Login • Lupa Password | Daftar segera dan nikmati pemasangan iklan baris secara gratis! |
Medanbisnisdaily.com-Medan.Sepuluh tahun terakhir, Erwin Landy mesti bolak-balik Medan-Samosir. Seminggu di Medan, tiga Minggu di Samosir, begitu istilah pembuat pupuk organik ini. Belakangan, pupuk organik hasil eksperimennya semakin diminati para petani yang ada di kawasan Danau Toba.
Selain hemat, bebas kimia, para petani juga bisa memproduksinya sendiri. Bahan utamanya adalah sampah organik yang banyak berserakan di pemukiman warga.
"Pokoknya sampah organik. Enceng gondok, kulit kopi, jerami, batang pisang, kulit durian dan sebagainya. Jadi selain dapat pupuk organik, lingkungan juga jadi bersih," kata Erwin pada medanbisnisdsily.com Selasa (20/3/2018).
Salah satu bahan dasar yang wajib disertakan dalam setiap pupuk organik buatannya adalah tanaman sipaet-paet yang banyak ditemukan di kawasan Danau Toba, terutama di Samosir.
Inspirasi menggunakan tanaman sipaet-paet berawal dari rasa penasarannya melihat kebiasaan petani di kawasan Danau Toba yang selalu menabur tanaman ini ke lahan yang akan ditanami. Pernah hal itu ia tanyakan kepada seorang petani, namun jawaban yang diterimanya belum cukup memuaskan, terutama dari sisi sains.

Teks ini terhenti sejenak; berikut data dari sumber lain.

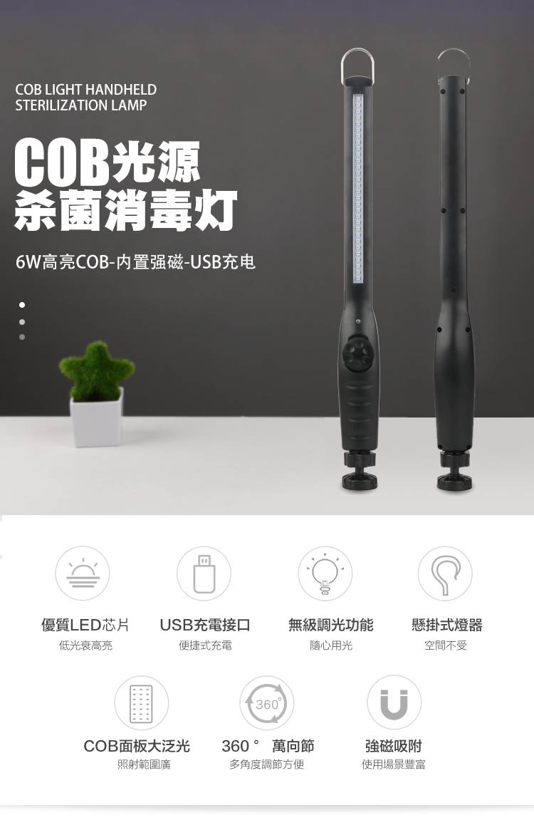 【手持式紫外線消毒燈】COB LED紫外線消毒棒/快速殺菌 手持攜帶式殺菌燈 紫外線消毒燈 ~20秒殺菌,99.9%殺菌率

Menurut petani itu, disebut sipaet-paet karenanya rasa tanaman itu memang pahit. Bahkan binatang pun enggan memakan tanaman ini sehingga habitatnya tidak terkendali.
Erwin pun mulai bereksperimen. Ia memfermentasi tanaman ini. Tanaman itu dipotong-potong kemudian dilarutkan ke dalam air dan dibiarkan membusuk selama beberapa hari.

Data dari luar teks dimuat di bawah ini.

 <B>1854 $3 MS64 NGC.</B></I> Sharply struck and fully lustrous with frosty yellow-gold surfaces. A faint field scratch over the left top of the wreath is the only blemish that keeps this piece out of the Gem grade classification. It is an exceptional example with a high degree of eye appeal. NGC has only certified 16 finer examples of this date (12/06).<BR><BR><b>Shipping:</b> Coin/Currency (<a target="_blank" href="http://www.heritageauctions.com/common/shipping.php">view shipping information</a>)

Air hasil fermentasi itu ia teliti di laboratorium. Hasilnya sangat mengejutkan. Dalam setetes cairan itu terdapat miliaran bakteri baik, yang salah satu fungsinya merangsang pertumbuhan tanaman.

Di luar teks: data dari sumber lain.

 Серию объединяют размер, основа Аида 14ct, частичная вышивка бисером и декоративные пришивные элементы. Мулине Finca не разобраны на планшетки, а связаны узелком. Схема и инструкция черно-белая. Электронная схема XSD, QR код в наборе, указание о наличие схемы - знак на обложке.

Sejak itu Erwin terus melakukan eksperimen dan menemukan berbagai jenis pupuk organik dari bermacam tanaman yang difermentasikan. Pada akhirnya Erwin sampai pada kesimpulan bahwa setiap penyakit yang menyerang tanaman obatnya juga berasal dari tanaman. Semua itu permainan bakteri, istilah Erwin.
"Logikanya begini, di dunia ada bakteri jahat dan ada bakteri baik. Untuk melawan bakteri jahat kita bisa menggunakan bakteri baik. Jadi yang kulakukan adalah pengembangbiakan bakteri sesuai tujuannya, Karenanya, untuk mengatasi serangan hama tidak perlu dengan fungisida atau insektisida. Cukup kita semprotkan cairan yang mengandung bakteri yang merupakan predator hama itu," paparnya.
Hal itupun ia buktikan dengan membuat fungisida sekaligus bakterisida berbahan jelaga atau juga disebut rambang-rambang yang biasa bergelantungan di atas tungku perapian. Jelaga itu diproses sedemikian rupa sehingga menjadi berbentuk cairan.
Insipirasi itu ia peroleh dari logika bahwa kayu yang sering diasapi lebih kuat dan tidak gampang busuk. Berarti ada bakteri di jelaga itu yang membuat kayu tidak diserang jamur dan hama perusak kayu.
Hasil kerja keras Erwin telah membuahkan hasil. Semakin banyak petani menggunakan pupuk organik buatannya. Pada Minggu (18/3/2018) lalu ia bersama para petani dari kelompok masyarakat Parmalim di Tobasa memproduksi pupuk organik sebanyak 30 ton. Bahannya dari sampah organik yang dikumpulkan dari rumah masing-masing. Sampah organik itu diramu bersama tanaman sipaet-paet.